- [Working data]:

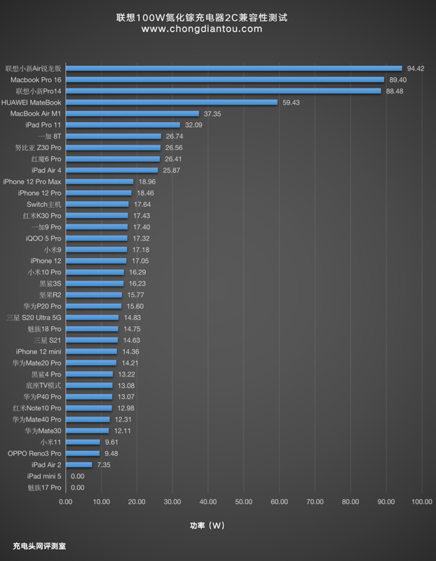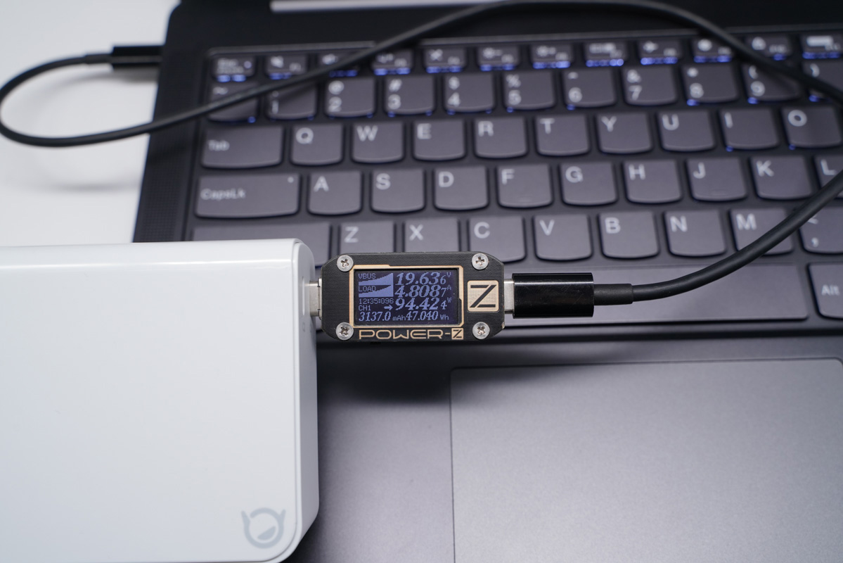 也可以滿足絕大部分筆記本的功率需求,為聯想小新Air充電功率為19.63V 4.80A 94.42W。
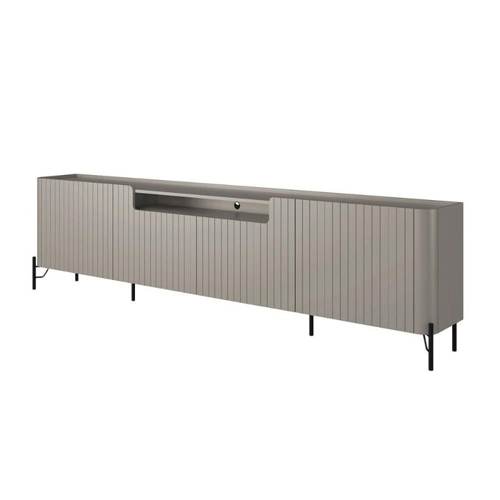 Rack com 4 Portas Brise para Sala 220cm Pés Metal 100% Mdf Grígio/Preto
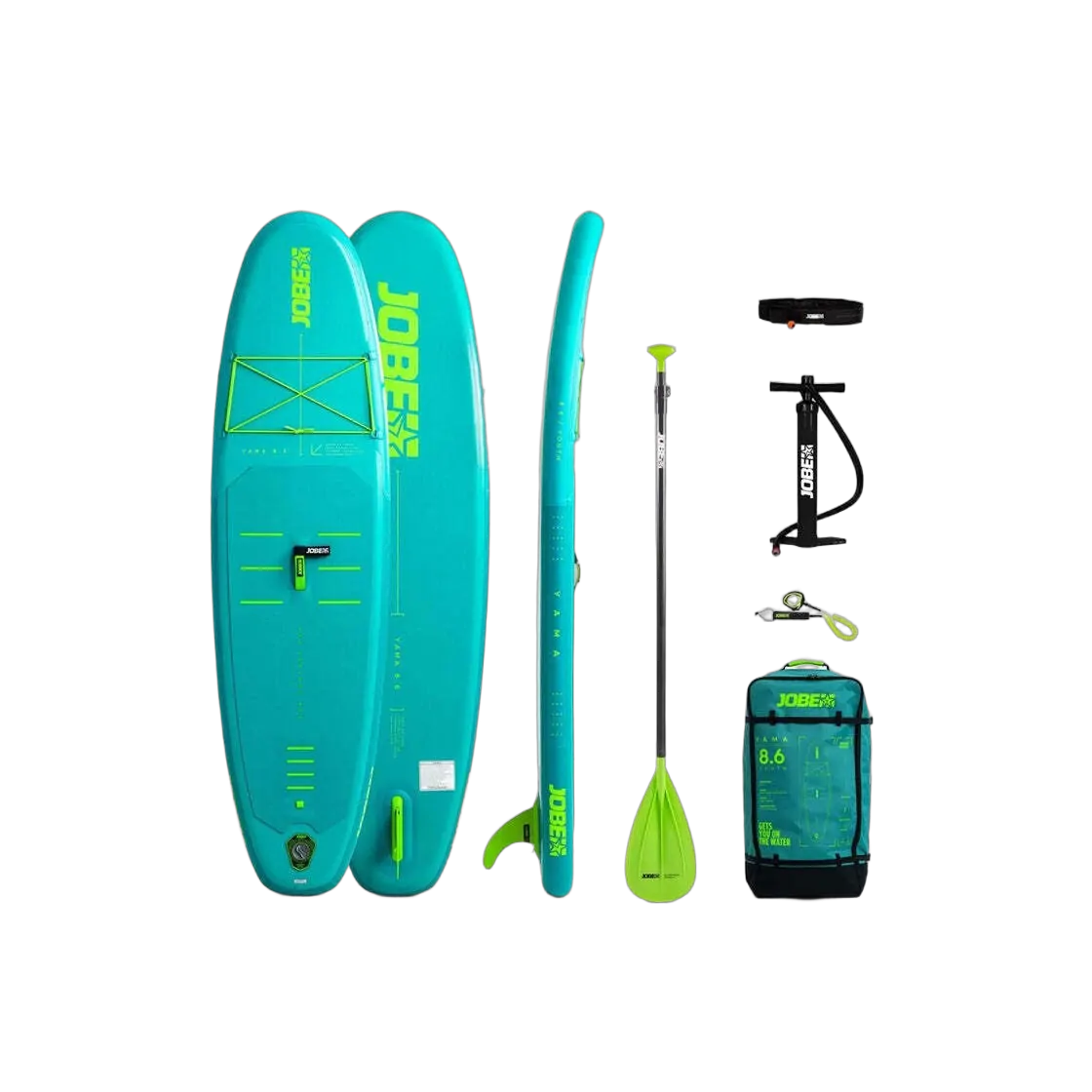 Introducing the Jobe Yama 8.6 Inflatable Paddle Board Package! It may be our smallest SUP but it is still loaded with new features like our "EZ Lock Fin and lightweight X-stitching construction for a higher quality experience and construction! Wherever your water starts, the inflatable Yama stand up paddle board will meet you there! The package includes everything you need to get out on the water! Plus with its overall weight of only 6kg pounds this SUP board is super easy to transport from adventure to adventure!
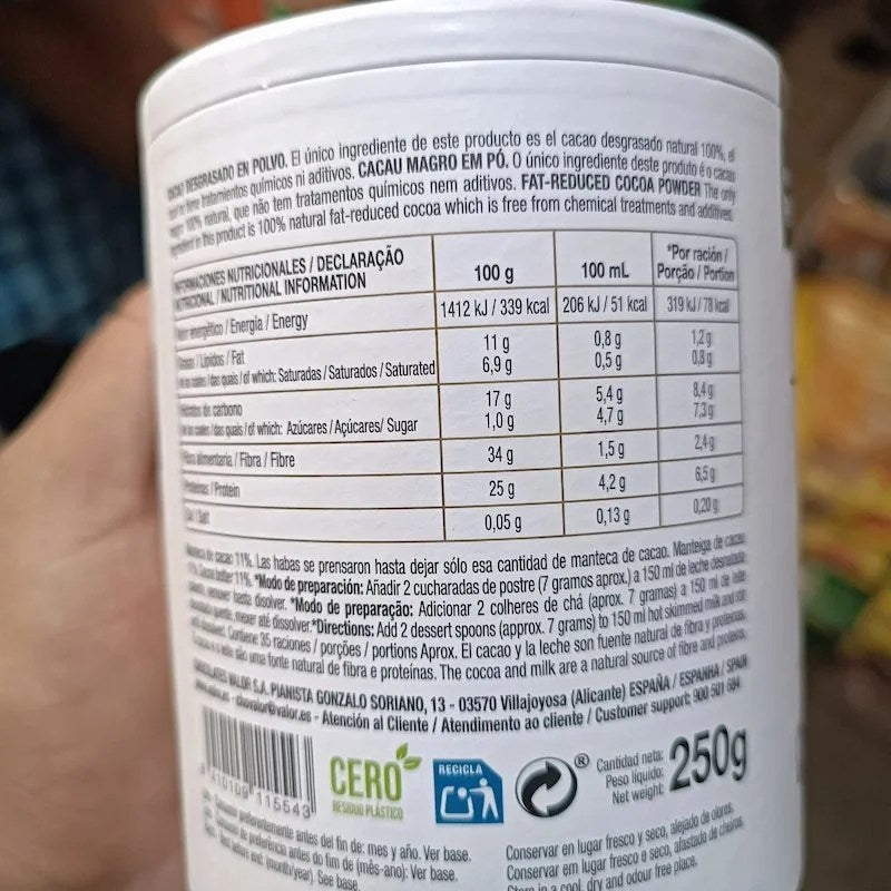 Valor – Cacao Puro Natural 100% Soluble Sans Gluten Sans Sucre 250g
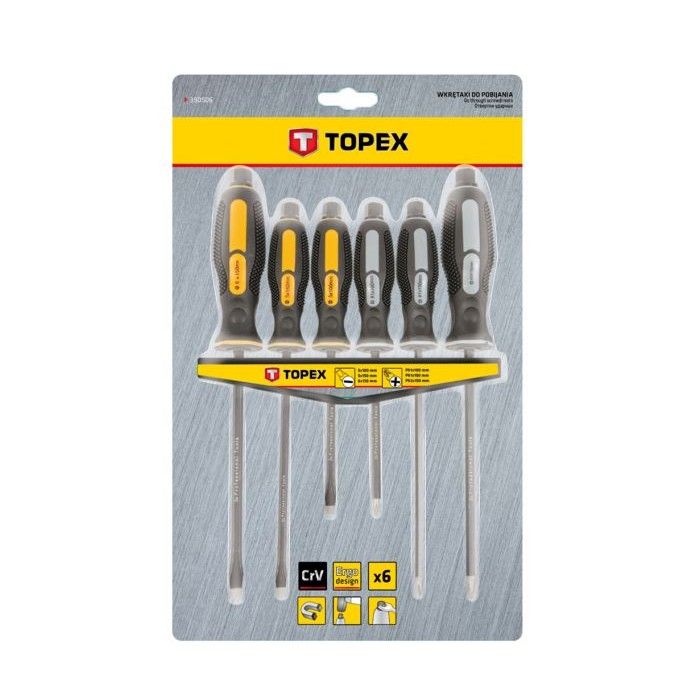 Набор ударных отверток Topex (6 шт.) - незаменимый инструмент для любого мастера или любителя в домашних условиях. Отличное сочетание качества и доступной цены делает этот набор очень популярным среди покупателей. Он состоит из 6 штук отверток с различными насадками, которые позволяют удобно и быстро выполнять работы с креплениями разного типа. Благодаря специальному покрытию, отвертки обеспечивают надежное сцепление с креплением и предотвращают его повреждение. Ручки удобно лежат в руке, не скользят и не утомляют во время использования. Приобретя этот набор, вы получите необходимые инструменты для проведения ремонтных работ или сборки мебели.

- [Your goal]: Pictures aside, return all the entries above exactly.

- [Solution for this task]:
 也可以滿足絕大部分筆記本的功率需求,為聯想小新Air充電功率為19.63V 4.80A 94.42W。
 Rack com 4 Portas Brise para Sala 220cm Pés Metal 100% Mdf Grígio/Preto
 Introducing the Jobe Yama 8.6 Inflatable Paddle Board Package! It may be our smallest SUP but it is still loaded with new features like our "EZ Lock Fin and lightweight X-stitching construction for a higher quality experience and construction! Wherever your water starts, the inflatable Yama stand up paddle board will meet you there! The package includes everything you need to get out on the water! Plus with its overall weight of only 6kg pounds this SUP board is super easy to transport from adventure to adventure!
 Valor – Cacao Puro Natural 100% Soluble Sans Gluten Sans Sucre 250g
 Набор ударных отверток Topex (6 шт.) - незаменимый инструмент для любого мастера или любителя в домашних условиях. Отличное сочетание качества и доступной цены делает этот набор очень популярным среди покупателей. Он состоит из 6 штук отверток с различными насадками, которые позволяют удобно и быстро выполнять работы с креплениями разного типа. Благодаря специальному покрытию, отвертки обеспечивают надежное сцепление с креплением и предотвращают его повреждение. Ручки удобно лежат в руке, не скользят и не утомляют во время использования. Приобретя этот набор, вы получите необходимые инструменты для проведения ремонтных работ или сборки мебели.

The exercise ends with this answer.